**Your objective:** In the entries below, repeat only the lines between those holding "Москва. 25 июня." and "Next select Schedule", inclusive. Leave pictures out.

**Data in this exercise:**
• • •

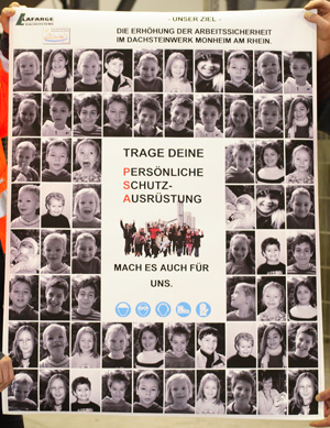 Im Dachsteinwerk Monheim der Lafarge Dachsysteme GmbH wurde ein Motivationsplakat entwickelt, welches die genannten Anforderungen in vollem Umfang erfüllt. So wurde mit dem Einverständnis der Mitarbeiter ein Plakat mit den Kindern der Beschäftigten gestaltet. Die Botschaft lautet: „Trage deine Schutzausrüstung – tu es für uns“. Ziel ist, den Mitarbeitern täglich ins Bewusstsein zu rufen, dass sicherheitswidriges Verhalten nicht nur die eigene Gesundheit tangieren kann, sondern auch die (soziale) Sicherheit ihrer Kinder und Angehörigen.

• • •

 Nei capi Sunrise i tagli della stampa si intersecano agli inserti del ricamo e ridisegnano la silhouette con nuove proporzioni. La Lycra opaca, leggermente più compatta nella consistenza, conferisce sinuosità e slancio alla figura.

• • •

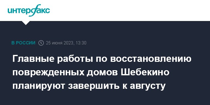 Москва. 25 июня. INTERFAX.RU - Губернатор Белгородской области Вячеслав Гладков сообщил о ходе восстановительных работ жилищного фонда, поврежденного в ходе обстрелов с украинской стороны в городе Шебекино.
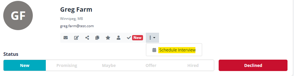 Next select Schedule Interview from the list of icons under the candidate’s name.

• • •

**Problem solution:**
 Москва. 25 июня. INTERFAX.RU - Губернатор Белгородской области Вячеслав Гладков сообщил о ходе восстановительных работ жилищного фонда, поврежденного в ходе обстрелов с украинской стороны в городе Шебекино.
 Next select Schedule Interview from the list of icons under the candidate’s name.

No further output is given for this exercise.